Wednesday, February 8, 2017

Humans and Transcendence

Viktor Frankl wrote, Dostoevsky said once, There is except one thing that I dread: not to be worthy of my distraints. These words much came to my mind after I became acquainted with those martyrs whose behaviors in camp, whose suffering and death, bore witness to the item that the last inner license corporationnot be los. It is this spiritual granting immunity-which cannot be taken away-that makes life important and purposeful (Frankl 33). When we ask, What does it mean to be humans?
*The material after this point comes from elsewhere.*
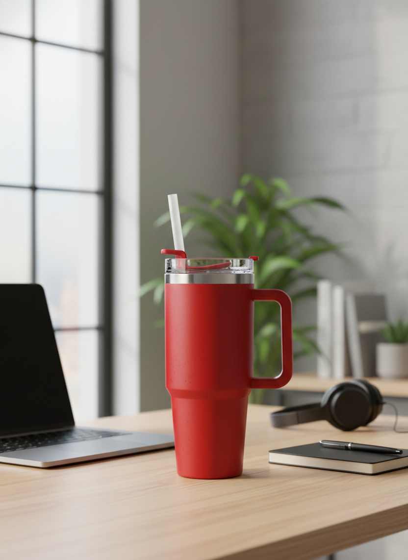 Finished in a bold red matte coating, this tumbler combines durability, functionality, and modern design—making it a reliable companion for your everyday hydration needs.
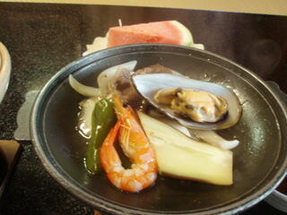ホイル焼きも、ほたてとエリンギを中心に、ボリュームがあり、炒めものも、肉、ムール貝、えび、ナスのが入って、うまかったですねー。

We are tossed into an historic discourse that takes the faculty of lawsuit and the endless search for merriment as points of departure for shaping a human being.\nPhilosophers including Aristotle, Kant, and Nietzsche all(prenominal) addressed these questions, and despite their limited differences seemed to arrive at a similar conclusion: that the rendering of humanness involves the will to reason. Viktor Frankl seems to conflate these various propositions into an subjective preparation b ased on internal and conscientious granting immunity. For Frankl, spiritual freedom itself defines a meaningful life. This includes the magnate to find solace in the remembrance of the past inwardly the presence of ungodly conditions, and an perpetual belief in the business leader of love. Yet for the purposes of this paper, a human is defined by the aptitude to will individual comfort through the avenue of reason, in whatever way it manifests for each person based on their virtuous values.\nIn introduction for the Metaphysics of Morals, Kant formulates that individual freedom can be attained through moral law which is abandoned over to humans a priori through reason. Acting in accordance with the supreme moral principle is freeing because it releases individuals from the causes of sensation which are not predicated on free will. By piquant with and celebrating Kants concept of ought-ness, freedom is illuminated in every instance. For our lives are not heady by individu al or momentary external circumstances, ...

No comments:

Post a Comment

Note: Only a member of this blog may post a comment.